Israeli general and National Security Advisor

Yaakov Amidror (יעקב עמידרור; born 15 May 1948) is a former major general and National Security Advisor of Israel and was also the head of the Research Department of Israeli military intelligence. Today, he is the Anne and Greg Rosshandler Senior Fellow at the Jerusalem Institute for Strategic Studies, a conservative security think tank.

==Biography==
===Background===
Amidror was born in Yad Eliyahu, Israel, on the day after the Israeli Declaration of Independence. His father, Leo, had enlisted in the British Army during World War II, and spent five years in German captivity after being taken prisoner in Greece. His mother, Tzila, was an Irgun member, active in the organization's finance department, who had been arrested by the British in 1941, and incarcerated at the Bethlehem Women's Prison.

===Military career===
Amidror was drafted into the Israel Defense Forces in 1966. He volunteered as a paratrooper in the Paratroopers Brigade. He served as a soldier and a squad leader, and fought in the Gaza Strip during the Six-Day War. He became an infantry officer after completing Officer Candidate School and returned to the Paratroopers Brigade as a platoon leader. Afterwards he transferred to the Military Intelligence Directorate and served in various positions such as a regional brigade Intelligence officer during the War of Attrition, the 162nd Division Intelligence officer during the Yom Kippur War, the Northern Command Intelligence officer, and as the head of the Research Department. Amidror was considered a candidate to lead the Military Intelligence Directorate, but he was passed over after he controversially referred to non-religious Israelis as "Hebrew-speaking gentiles". Instead, he became president of Israel's National Defense College before retiring from his military career in 2002.

===Political career===
Amidror was selected to draw up the list of candidates for the Religious Zionist The Jewish Home party in the lead-up to the elections for the 18th Knesset. Amidror became enmeshed in internecine fighting within the party, and with competing right-wing factions. He clashed particularly with MK Uri Ariel, calling him a "liar" and a "cheater".

He was appointed to lead Israel's National Security Council in May 2011 and held the position until November 2013.

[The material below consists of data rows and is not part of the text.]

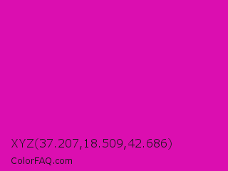 XYZ 37.207,18.509,42.686 Color is a normal magenta color and the nearest color is Hollywood Cerise #f400a1. Hex code #db0eb0 and RGB value is rgb(219,14,176). In RGB color space, this color is composed of 86% red, 5% green, 69% blue, In CMYK color space, this color is composed of 0% cyan, 94% magenta, 20% yellow , 14% black , In HSL color space, this color has a hue angle of 313° , 88% saturation and 46% lightness.
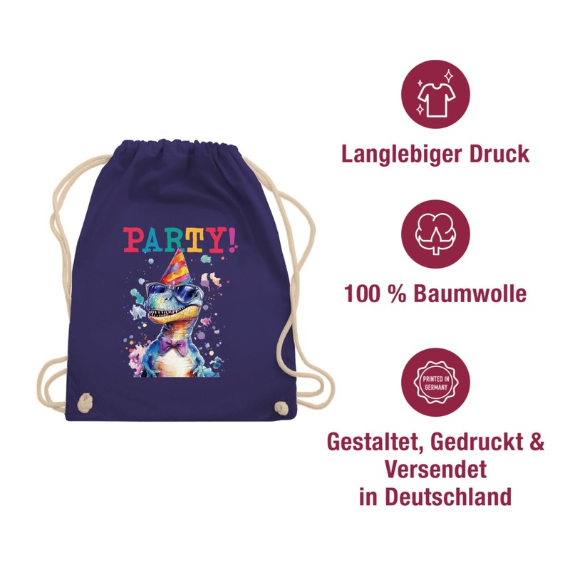 Turnbeutel Rucksack - Accessoire - Party Dino personalisiert I Party Geschenk Dino Kostüm Fasching T-Rex Partystimmung I Dinosaurier Kostüm Karneval I Fastnacht - Unisize - Lila - karnevals
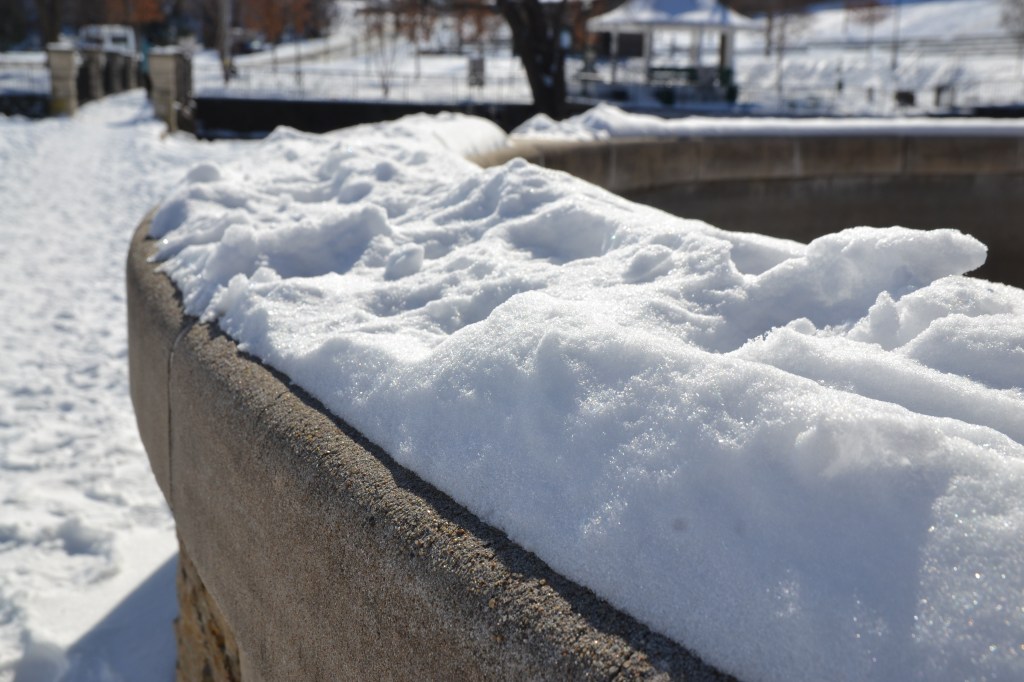 Here are some photos from yesterday’s walk, except for the fountain, there is one photo from a few days ago. I have a little bit of some free time right now being somewhat snowed in. The roads are still a bit of a mess, especially the back roads. We aren’t driving too much and when we went out it was in the afternoon when the roads were not as icy as they are in the mornings and evenings.
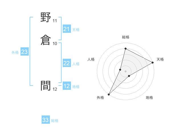 野倉 間さんの外格は23画の5点!
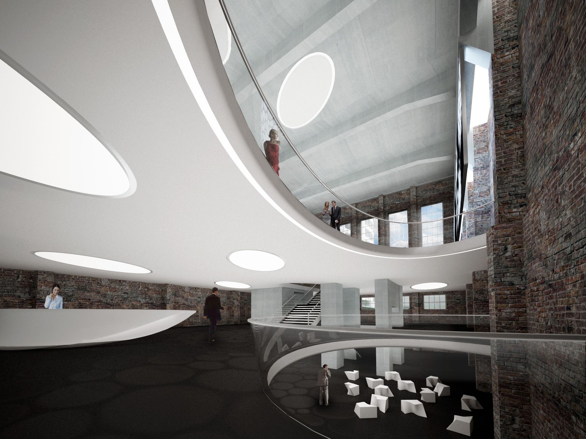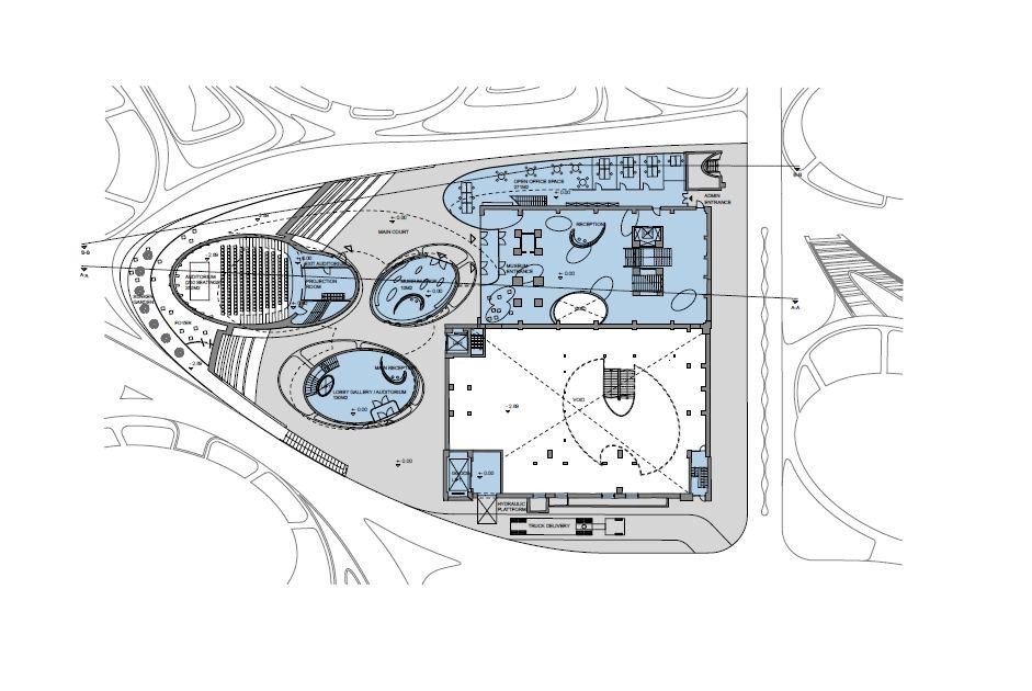 To activate the ground throughout the whole of the site and to provide public spaces of the highest quality, the underground car parking is covered by a one storey high, modulated platform. This has been perforated at strategic points for day-lit spaces that accommodate retailing, landscaped parks and various points of interest, including the cultural centre, museum shop, conference space and event halls.

As Israel's national security advisor, he participated in high-level talks with U.S. officials about the Iranian nuclear program and led efforts to restore relations with Turkey after the 2010 Gaza flotilla raid incident.

Amidror is considered a hawk on security matters. He wrote an op-ed in The New York Times opposing the Geneva interim agreement on the Iranian nuclear program. However, he has also warned privately that Israel's settlement policy was isolating it from the international community.

In 2014, Amidror joined the Begin-Sadat Center for Strategic Studies. In 2017, he became the Anne and Greg Rosshandler Senior Fellow at the Jerusalem Institute for Strategic Studies.

In 2016, Amidror chaired an official panel charged with providing recommendations to improve the functioning of Israel's National Security Council and cabinet ministers during wartime.

In June 2020, Amidror cautioned against Netanyahu's plan to annex portions of the West Bank.